Starting at the line that contains "2 Beds, 2 Baths, 970", return every line through the end of the data exactly, without pictures.

Raw data:
Start of Block

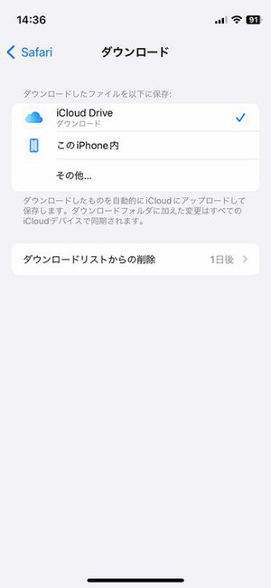 まず基本。Safariでダウンロードしたファイル全般の保存フォルダのデフォルト設定は[iCloud Drive]内の[ダウンロード]フォルダ。そこを探せば、ダウンロードしたファイルはだいたい見つかります。
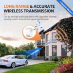 ACCRUATE DETECTION & WIRELESS – 2023 Upgrade Model Driveway alarm sensor has a detection range from 15ft to 26ft (not obstacle).wireless security alarms detection chime influenced of different temperature, humidity, obstacles, motion sensor alarm detection range will fluctuate.It uses upgraded technical components and superior manufacturing techniques to improve the infrared detection chip, reducing false driveway alarms caused by fog/rain/snow/haze/wind/sun glare changes, etc
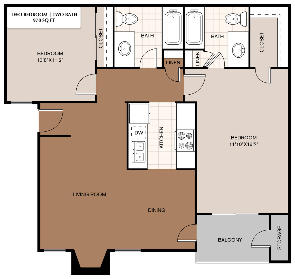 2 Beds, 2 Baths, 970 sq ftAvailable NowModel Gallery
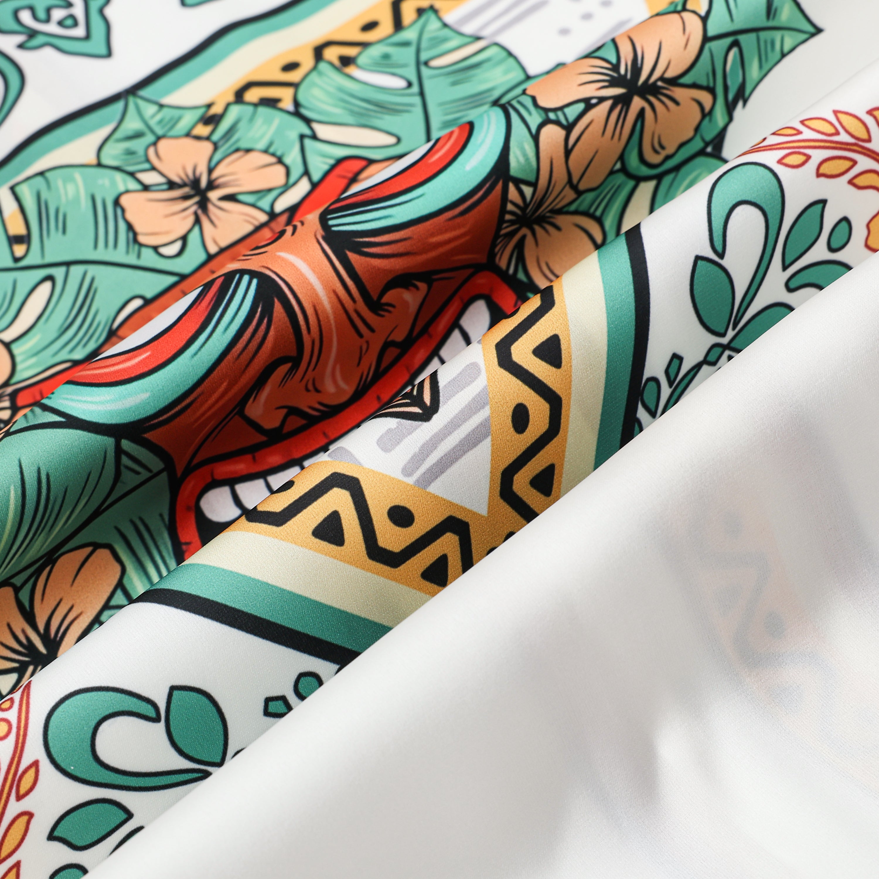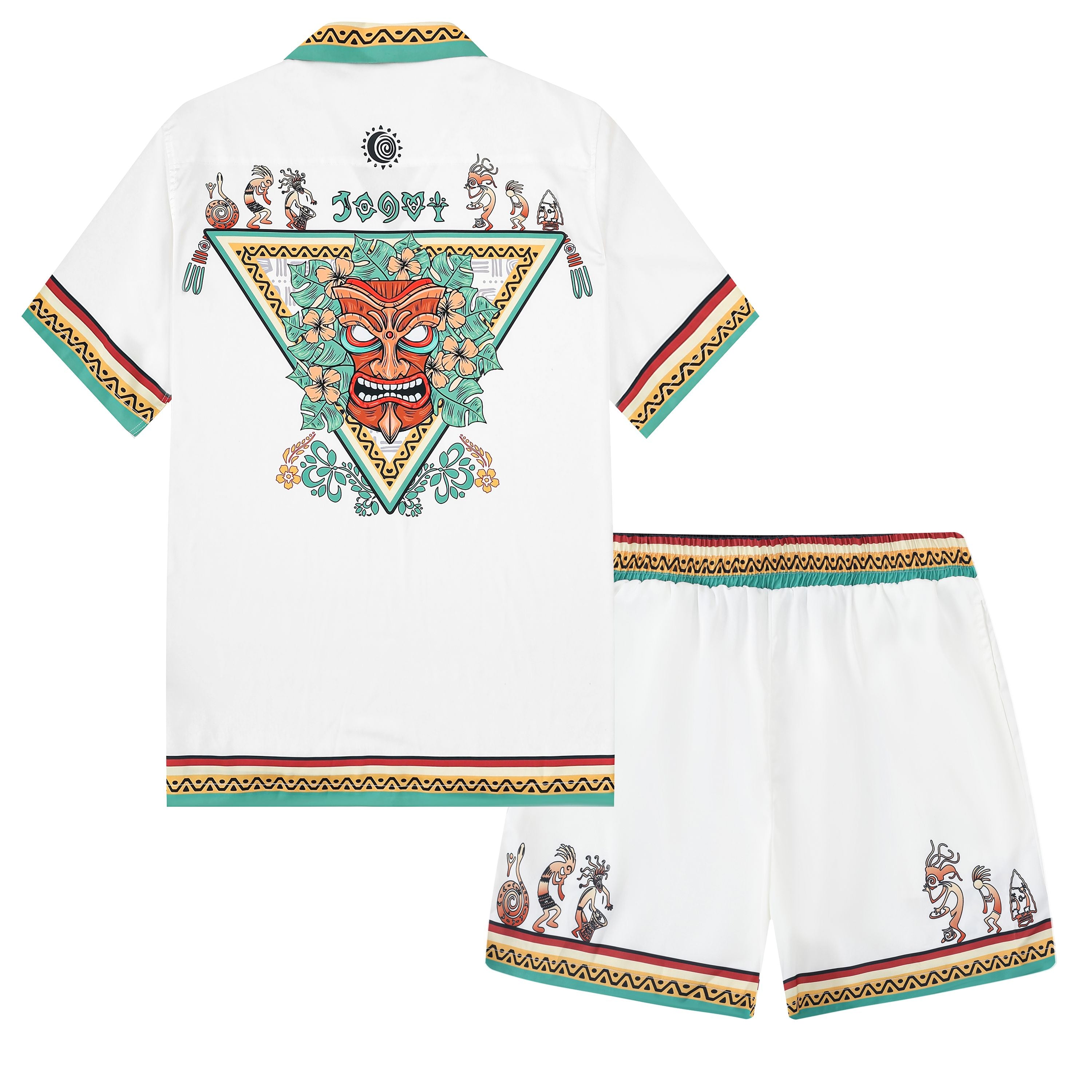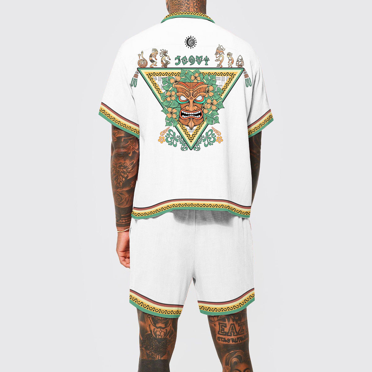 Festival Outfit Tiki Statue Pattern Short Sleeve Camp Collar Shirt

End of Block

Exercise output:
 2 Beds, 2 Baths, 970 sq ftAvailable NowModel Gallery
 Festival Outfit Tiki Statue Pattern Short Sleeve Camp Collar Shirt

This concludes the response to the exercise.